Tuesday, November 28, 2017

cityboy (but not his money)...

is on a roll today---first day off from Friends since November 6th (a long time)---but in the last hour have donated some money to Johns Hopkins (where I went to college) and bought a ticket to Jesus Hopped the A Train at Signature, tomorrow evening. Glad about the latter---have wanted to see the play, and getting a ticket on TDF makes it reasonable. So far only half a day scheduled at Friends for tomorrow, so should be rested for the play.

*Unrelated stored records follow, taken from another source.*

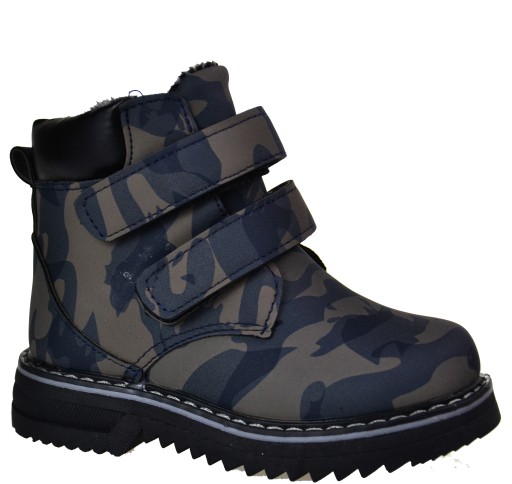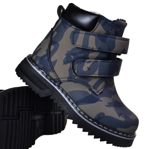 Traperki zimowe dziecięce botki na płaskim. Botki w pięknym kolorze moro w 3 kolorach czarnym, zielonym i niebieskim. Na pozostałych aukcjach. Zapięcie na suwak i dodatkowo RZEPY to wygoda nakładania. Buciki mają anty poślizgową gumową podeszwę z bieżnikiem. Dobrze trzymają stopę i dopasują się do każdej nogi. Buty posiadają ocieplenie w całości buta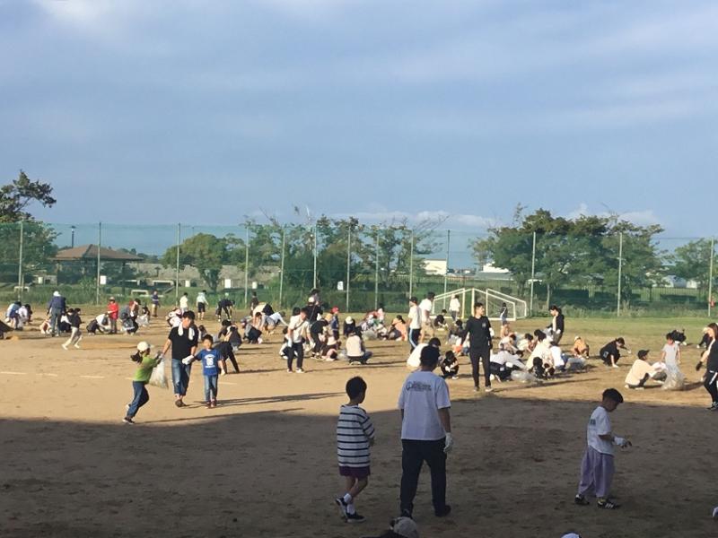 青空のもと たくさんの保護者やふよっ子の皆さんの参加により 運動場の草刈りや校舎の窓拭きを行いました。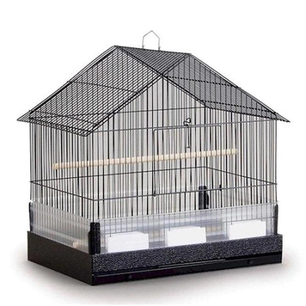 Features: Made in the U.S.A. 22" L x 15" W x 23" H 5/8" Wire Spacing Wire Gauge: 11 & 13 Wrought iron with solid metal base construction with a black powder coated finish Lead and zinc free cages that are non-toxic and bird safe House style design Removable bottom grille and pull out drawer for easy cleaning 3 Plastic feed cups 2 Wood perches Convenient carrying handle Plastic seed guards help contain messes The House Style Cockatiel Cage features a solid metal base and plenty of room for your bird to perch. This bird cage;is designed for cockatiels and other small to medium birds. Features removable grille and pull-out drawer for easy cleaning. Includes 3 plastic outside access feed/water cups. 2 wood perches and a plastic seed guard set.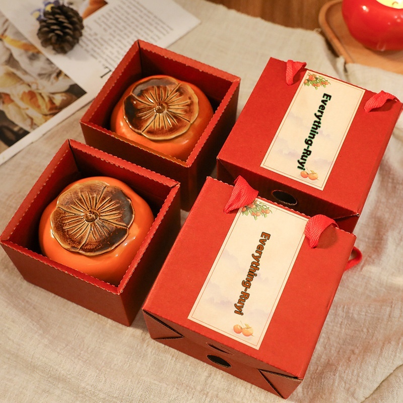 Persimmon Scented Candle Everything Goes Well Ceramic Candle Gift Box Wedding Birthday Fragrance Year Souvenir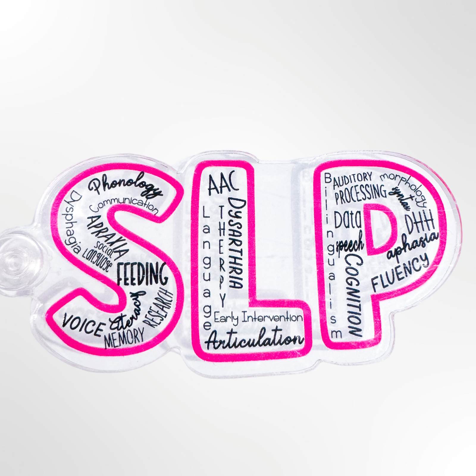 This is a handmade clear acrylic keychain that comes with a large pink wristlet. Lettering reads "SLP" and includes several domains of practice within the lettering.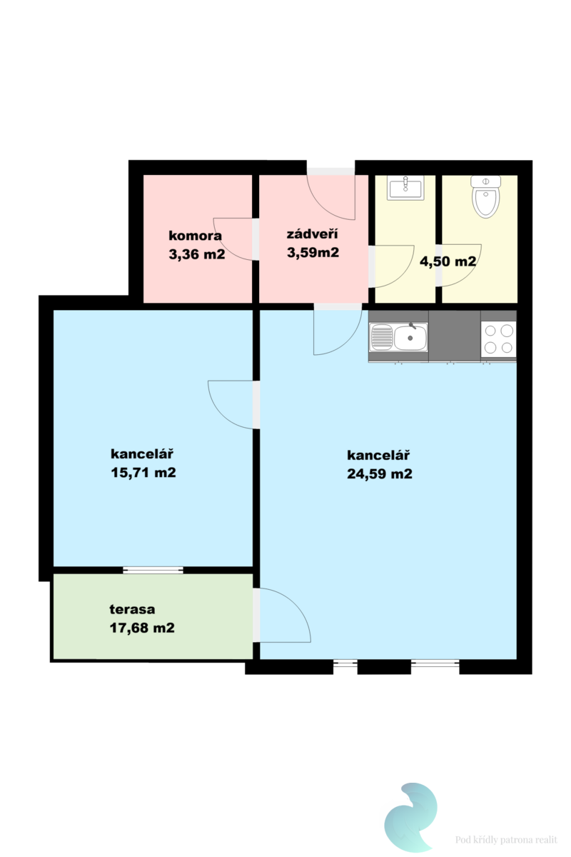 Nájemné 13.540,- Kč / měs. včetně úklidu, 1x parkovacího stání a svozu odpadu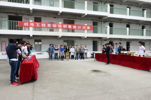 为了使同学们养成废物利用和节约资源的好习惯,提高同学们创新设计能力、综合设计能力和协作精神,机电工程系于4月26日在二栋宿舍楼举办了“环保创优设计大赛”。担任本次大赛评委的有系分管学生工作负责同志、系团总支副书记以及各位专兼职辅导员。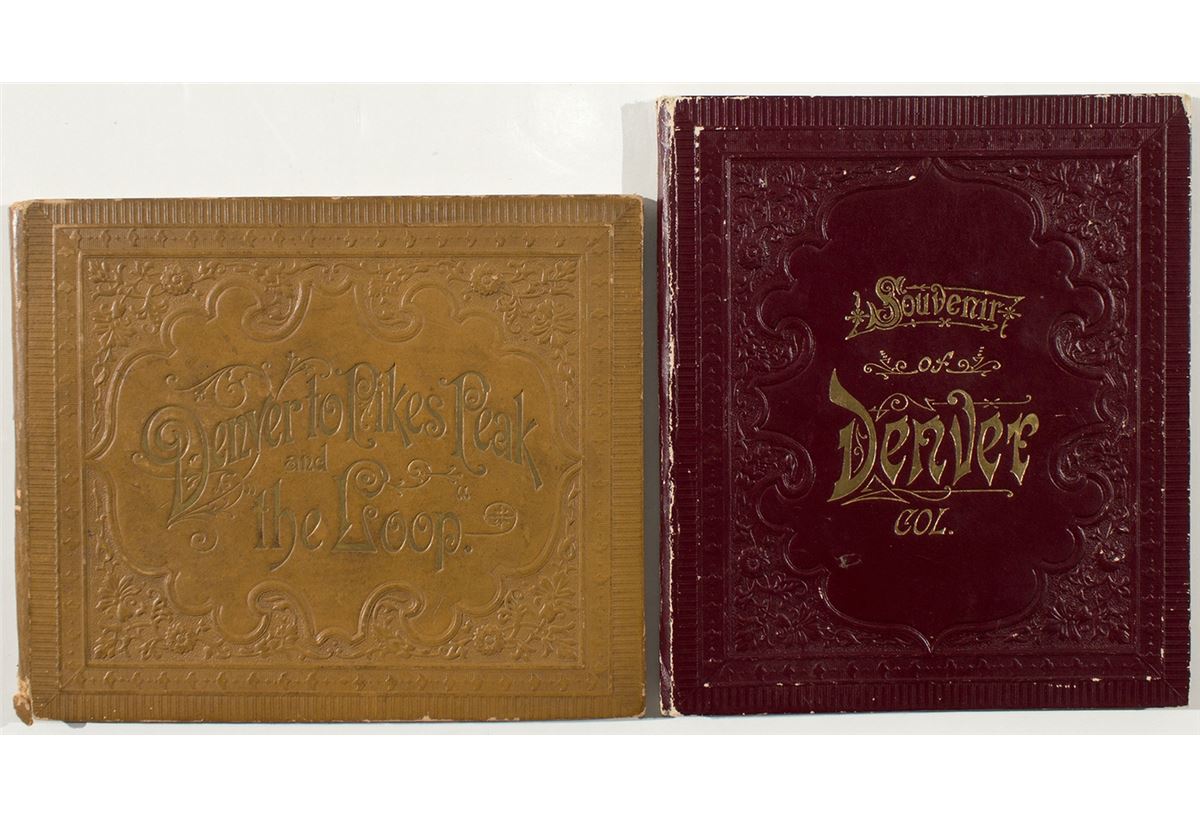 1) Denver to Pikes Peak and the Loop. Tan embossed hard cover (blind emboss design, front and back) with faded gold type. (5" x 6") 15 pp. of duo-tone engravings. Used condition. 2) Souvenir of Denver, Colorado. Maroon cover, embossed design front and back, gold type. (6" x 5") 12 pp. Duo-tone engravings of Denver city buildings. Used condition.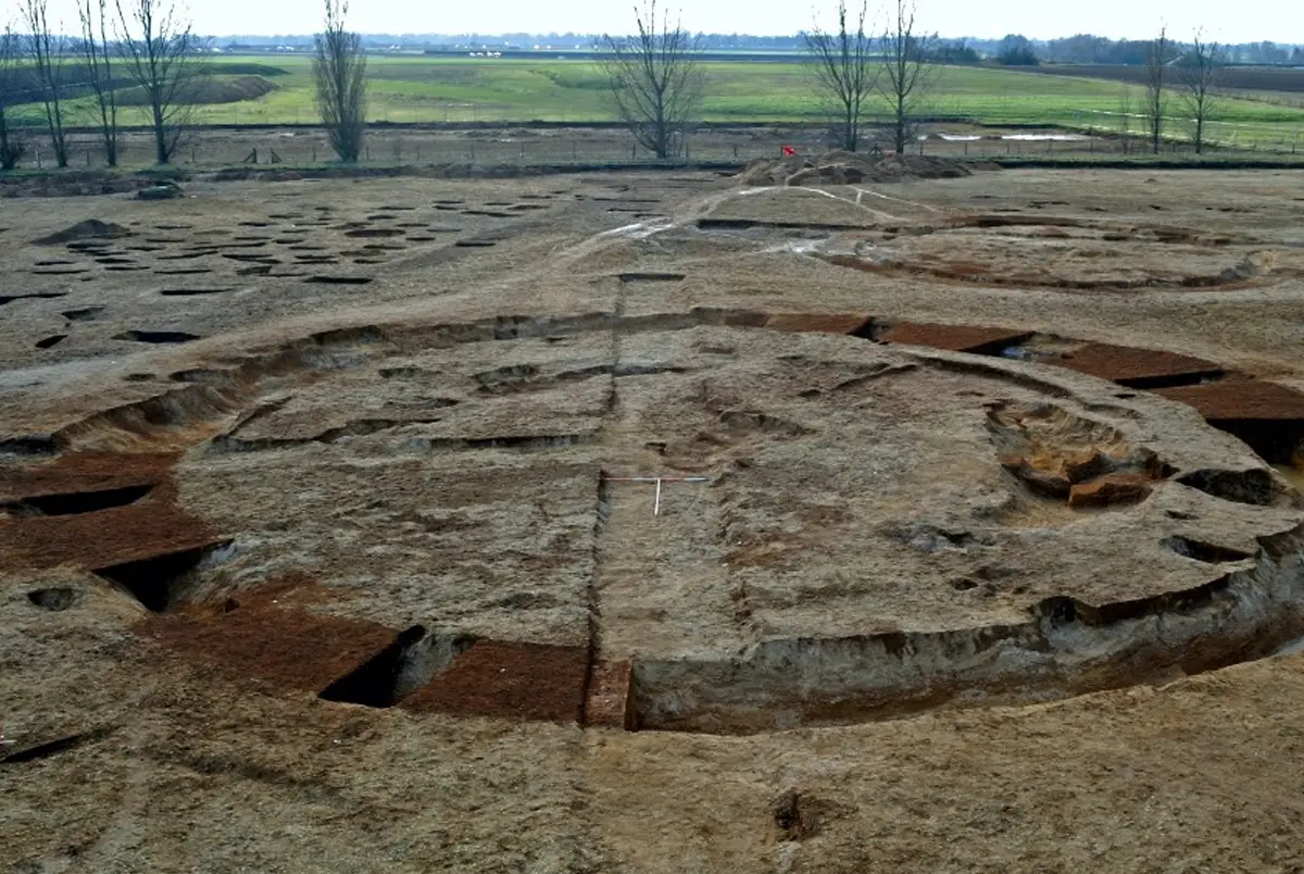 Excavations revealed large, densely concentrated pits, wells, enclosures, and burials within a settlement. Human remains were found in both official graves and non-funerary sites, including disarticulated bones and structured excavations in pits.

About Hopkins, every year I receive a call from an undergraduate (usually a freshman) asking for a donation. This year's freshman was named Bentley---we had a nice conversation---I asked a lot of questions, and I ended up giving the university $25.00. Interesting, many years later, Hopkins remains a strong part of my life narrative--the place that allowed me to feel I could "make it" in theater. If that exactly did not happen, I am still able to put that year---my last year as an undergraduate---in perspective. Yes, it was an amazing year---I was President of the Barnstomers---at that time the only performing theater group on the campus---at least the only undergraduate one. As President, I implemented an extended program, adding two more full productions and two evenings of one act plays in collaboration with the drama group, Masks and Faces, of Goucher. Lots of feelings from that time---a sense of strength and uniqueness  that I never expected as a Freshman, but also a sense of being overwhelmed by all the praise and already at a young age, being at "the top". But it happened, cityboy, and is part of your past, even if it does not play a great role in your life at this moment.

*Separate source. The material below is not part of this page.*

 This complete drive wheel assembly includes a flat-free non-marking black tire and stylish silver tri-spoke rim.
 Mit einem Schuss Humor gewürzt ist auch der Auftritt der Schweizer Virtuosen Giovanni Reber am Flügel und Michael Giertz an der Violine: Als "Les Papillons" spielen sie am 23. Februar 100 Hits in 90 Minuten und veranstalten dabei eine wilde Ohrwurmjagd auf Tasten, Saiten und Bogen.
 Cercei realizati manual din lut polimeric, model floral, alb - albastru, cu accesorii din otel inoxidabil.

  Some reports: Saturday night, after some deliberation about choices, opted for the film Ladybird at the Angelica. Unlike most people I have spoken to or read, I found it kind of empty and self important. The script is "passable"; the camera work ordinary---yes, there is some interest in this senior in high school trying to find herself, and separate herself from a domineering, overfeeling mother, but ultimately "so what"? She gets what she wants---an acceptance from Barnard, and after all, she becomes the star she is now. Is that important? Towards the end, I felt like yelling at the screen: "All right, grow up and become famous, already!"  Really surprised at how ordinary the movie seemed to me. How does it merit such praise? Well, reviewers are strange.

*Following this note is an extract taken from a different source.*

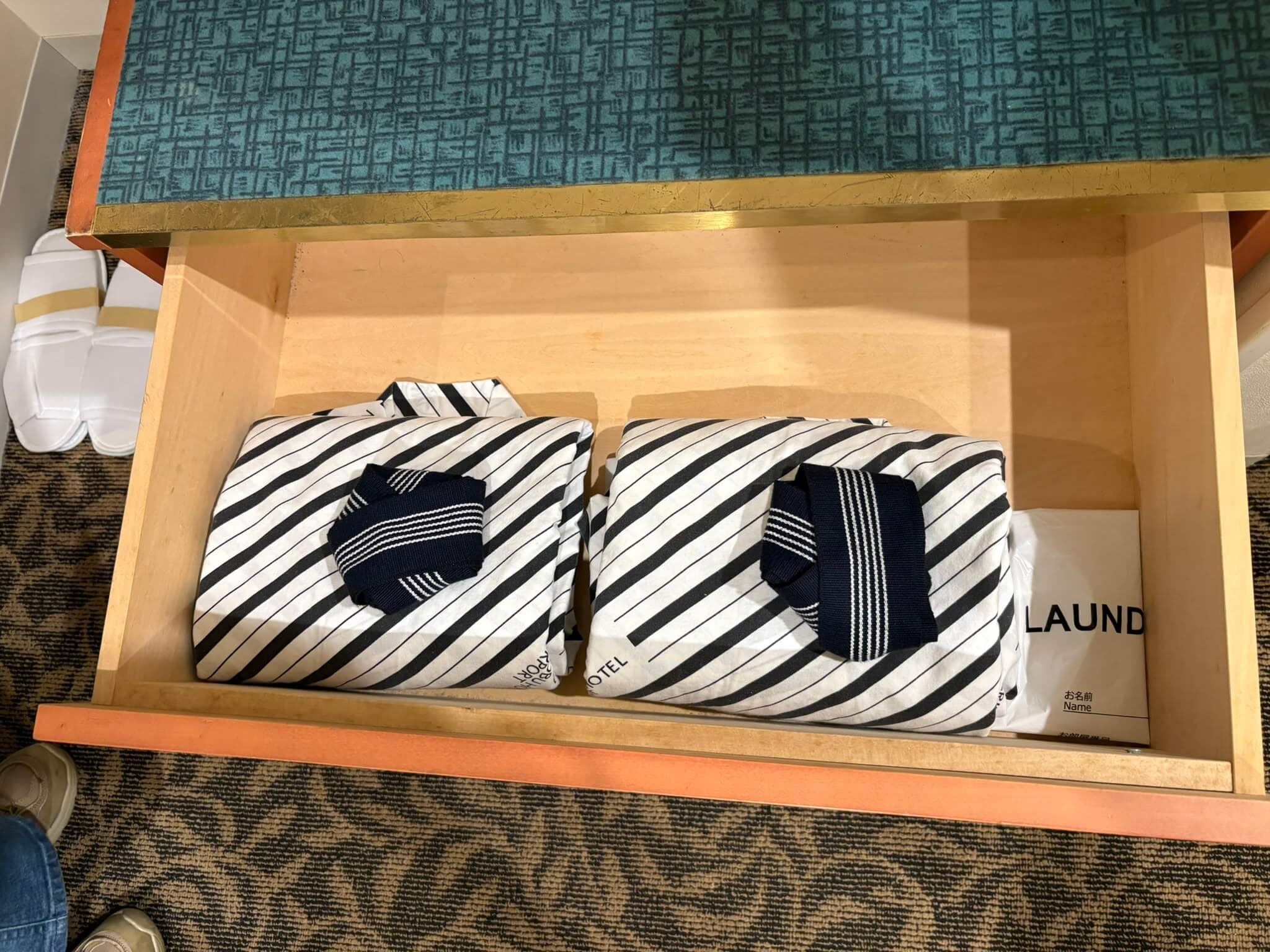 浴衣とスリッパも用意されていました。スリッパは使い捨てタイプでした。

  Sunday, spent the first part of the afternoon at Cobra, watching the Jets-Panthers game. Had some good conversations with two people---one, an aspiring actor and film maker, and two, my friend Paul, whom I have known through Cobra for about three years now, and who is a regular there. Just some good back and forth banter as the game came to a close. Will I return there next Sunday? Not sure---the only game to watch is not that interesting, but if not there---where?  Sunday, as long as there is no protest activity, are still kind of vague to me in terms or organizing. Did not stop off at South Fourth afterwards, as it was cold, and I was underdressed, but simply returned home and went to bed, awakened by a text from Kristen, head of the history department at Friends, that I was needed the next day.
  Today, a kind of freedom, maybe will visit La Flaca---I really owe my friend Bobby, the owner, a visit--or maybe some other "Saloon".  Three more days at Friends, but will report soon.